Pablo Picasso's Young Girl with a Boat, featuring his eldest daughter Maya holding a model boat, sold for $5.98 million. The 1938 oil painting, bought by an anonymous telephone bidder, was the highlight of Sotheby's auction of drawings and oils by the Spanish artist.

Art lovers from around the world were lured to Sotheby's by the Picasso sale and a follow-up auction of impressionist paintings featuring Paul Cezanne's Bouilloire et fruits, stolen in the United States in 1978 and recovered this year.

The Cezanne still life -- a pewter pitcher and fruit painted at the height of the French impressionist's career -- surpassed the individual Picasso works in price. It fetched $29 million, also paid by an anonymous telephone bidder.

The high price tags came on the heels of Sotheby's impressionist and modernist art sale in New York in November, which took in $242.6 million dollars over two days.

"The market is very strong and people are prepared to pay top prices for highly collectable work," said Helena Newman, Sotheby's senior director and specialist in impressionist and modernist art.

For collectors, the Versace auction had the dual appeal of buying a Picasso work that was owned by a famous collector and designer, Newman said.

Versace was killed in 1997 at his Mediterranean-style palazzo in Miami Beach. He was shot twice in the head by suspected serial killer Andrew Cunanan, who later committed suicide.

The designer's art collection included five oils and 20 drawings from 1902 to the 1960s. His family sold the Picassos to trim an enormous estate, family spokesman Lou Colasuonno said.
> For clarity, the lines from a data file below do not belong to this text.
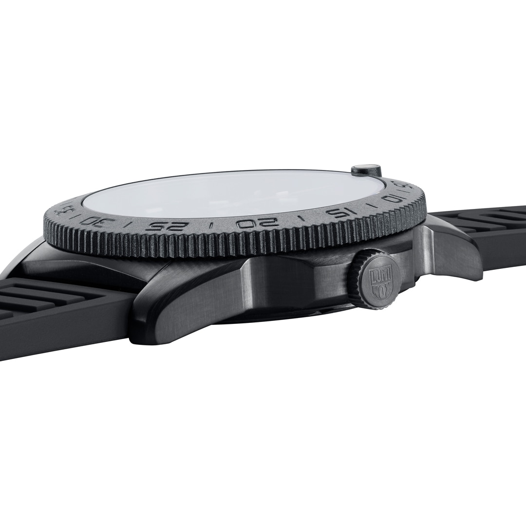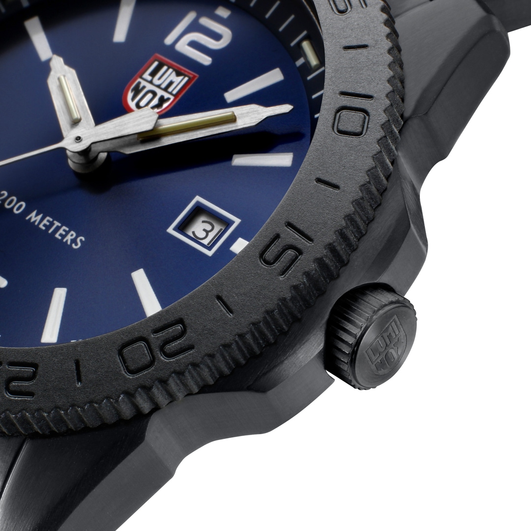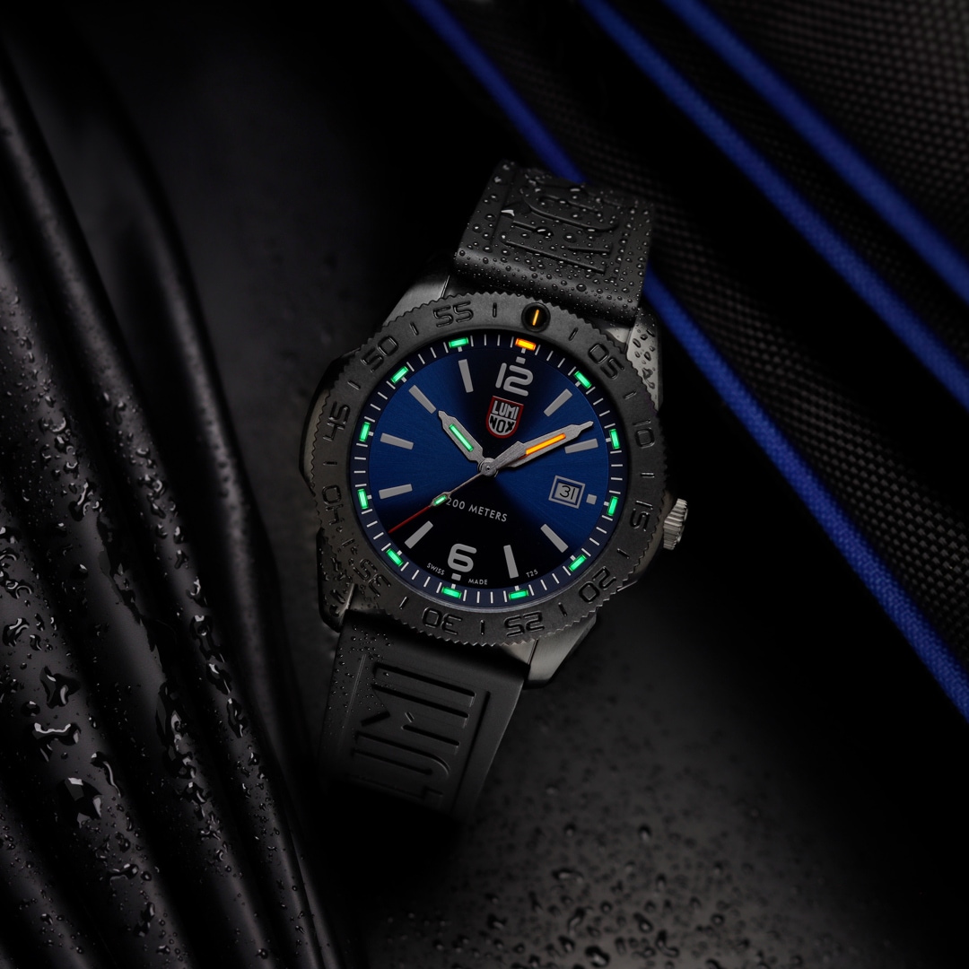 In dieser Taucheruhr treffen kräftige Farben auf robuste Leistung. Die Pacific Diver 3120 Serie verfügt über ein 44 mm grosses IP-beschichtetes schwarzes Edelstahlgehäuse mit einer einseitig drehbaren CARBONOX™-Lünette, die für Langlebigkeit sorgt und trotzdem angenehm leicht bleibt. Das ozeanblaue Zifferblatt mit Sonnenschliff bietet ein kontrastreiches Display, das ebenso auffällig wie funktional ist. Ausgestattet mit Luminox Light Technologie für konstantes Leuchten bei schlechten Lichtverhältnissen und völliger Dunkelheit ist diese Uhr immer einsatzbereit. Das schwarze, auf die gewünschte Länge zuschneidbare Armband passt sich allen Handgelenkgrössen an. Mit einer Wasserdichtigkeit von 200 Metern, einer verschraubbaren Krone und einem Saphirglas mit Antireflexbeschichtung ist die Pacific Diver ein zuverlässiger Begleiter, egal ob über oder unter dem Wasser.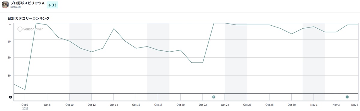前日6位から2位に浮上したのは、コナミデジタルエンタテインメントの『プロ野球スピリッツA』だ。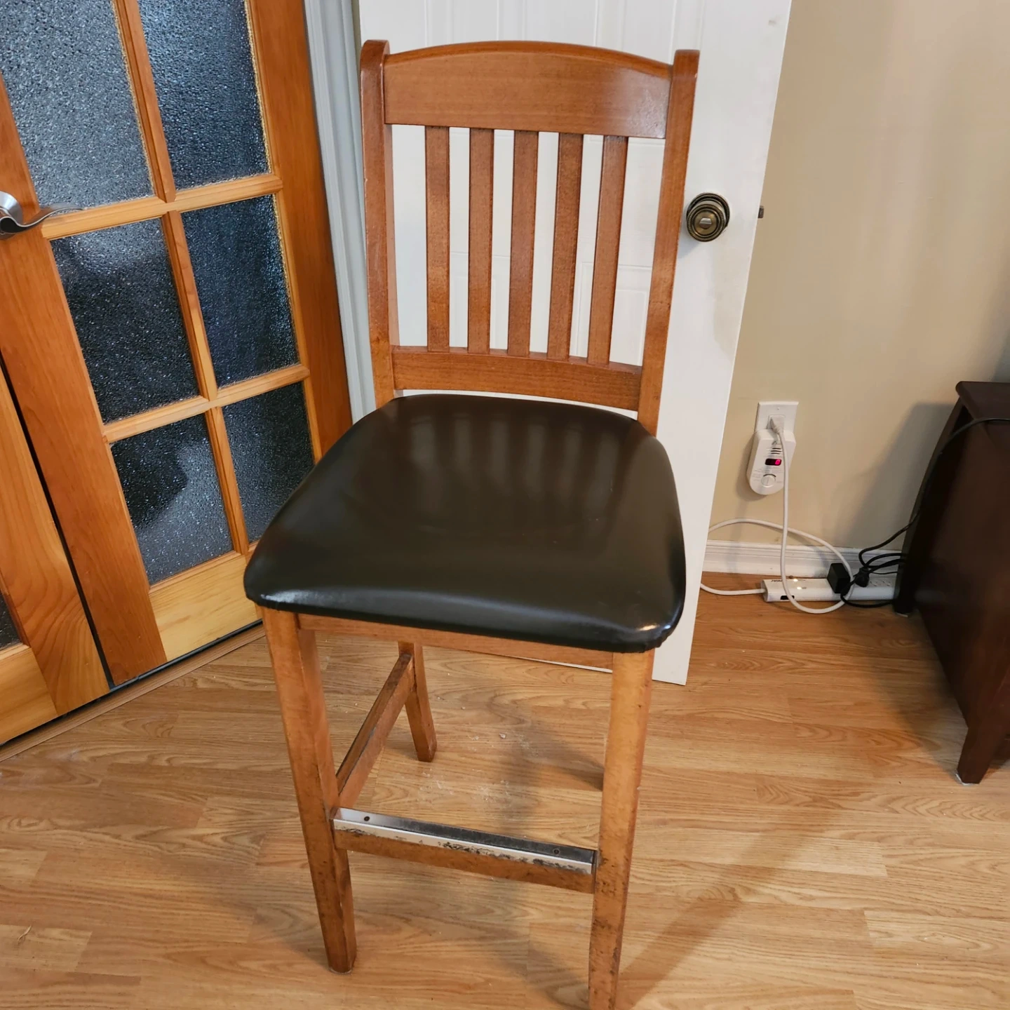 This is a sturdy wooden bar stool with a comfortable black padded seat. It's perfect for a kitchen island or home bar. The wooden frame offers a classic look.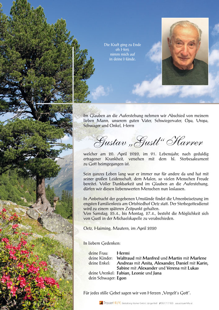 Liebe Hermi undTrauerfamilien: unser aufrichtiges Beileid zum Tod deines Mannes,eures Vaters wünschen die Sölders Nachbaren Philipp, Hannes mit Fam. und Gustl21.04.2020 17:53 - Gstrein Gustl

Some of Picasso's work went for less than expected. Woman Sitting in a Chair, an oil portrait of his mistress Dora Maar, sold for only $5.28 million. It had been expected to fetch between $6.4 and $9.6 million.

For lovers of impressionist art, the Sotheby auction also offered a rare opportunity to view the long-missing Cezanne painting, which was stolen in 1978 from the Lenox, Mass., home of two pediatricians -- the late Harry Bakwin and his wife, Ruth.

The painting, circa 1888-90, was recovered in October after an insurer contacted the London-based Art Loss Register. Julian Radcliffe, chairman of the register, refused Tuesday to reveal who had the painting during the last two decades. Charges are not being filed in the case because the statute of limitations has expired, Radcliffe said.

Other highlights from Tuesday's sale included one Van Gogh work: The 1889 Oliviers avec les alpilles au fond, an ink drawing of olive trees, which brought $8.45 million.

Van Gogh's 1887 A Park In Spring was left unsold after failing to reach the minimum set price of between $4.8 and $6.4 million.